• _Assignment_: Please copy out the entries below exactly, beginning with the line that contains "are approximately 700" and ending with the line that contains "Бутылочка имеет широкое", and include nothing outside that span.

• _Supplied records_:
Content starts

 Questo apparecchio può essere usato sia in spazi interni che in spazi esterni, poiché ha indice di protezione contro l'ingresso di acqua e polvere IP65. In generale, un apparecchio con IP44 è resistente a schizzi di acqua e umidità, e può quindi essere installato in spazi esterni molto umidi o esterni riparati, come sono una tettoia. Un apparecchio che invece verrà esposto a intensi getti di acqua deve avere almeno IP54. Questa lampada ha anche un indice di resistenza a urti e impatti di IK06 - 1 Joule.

Content ends
Content starts

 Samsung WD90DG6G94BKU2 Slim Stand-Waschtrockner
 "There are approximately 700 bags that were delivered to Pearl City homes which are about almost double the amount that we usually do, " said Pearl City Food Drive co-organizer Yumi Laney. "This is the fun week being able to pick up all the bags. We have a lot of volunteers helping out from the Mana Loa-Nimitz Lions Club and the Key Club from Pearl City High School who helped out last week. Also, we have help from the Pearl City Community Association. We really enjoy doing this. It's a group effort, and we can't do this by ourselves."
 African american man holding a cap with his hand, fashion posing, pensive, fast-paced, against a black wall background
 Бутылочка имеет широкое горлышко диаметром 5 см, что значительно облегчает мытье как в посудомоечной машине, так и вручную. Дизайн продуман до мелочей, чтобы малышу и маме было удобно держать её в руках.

Content ends

• _Your solution_:
 "There are approximately 700 bags that were delivered to Pearl City homes which are about almost double the amount that we usually do, " said Pearl City Food Drive co-organizer Yumi Laney. "This is the fun week being able to pick up all the bags. We have a lot of volunteers helping out from the Mana Loa-Nimitz Lions Club and the Key Club from Pearl City High School who helped out last week. Also, we have help from the Pearl City Community Association. We really enjoy doing this. It's a group effort, and we can't do this by ourselves."
 African american man holding a cap with his hand, fashion posing, pensive, fast-paced, against a black wall background
 Бутылочка имеет широкое горлышко диаметром 5 см, что значительно облегчает мытье как в посудомоечной машине, так и вручную. Дизайн продуман до мелочей, чтобы малышу и маме было удобно держать её в руках.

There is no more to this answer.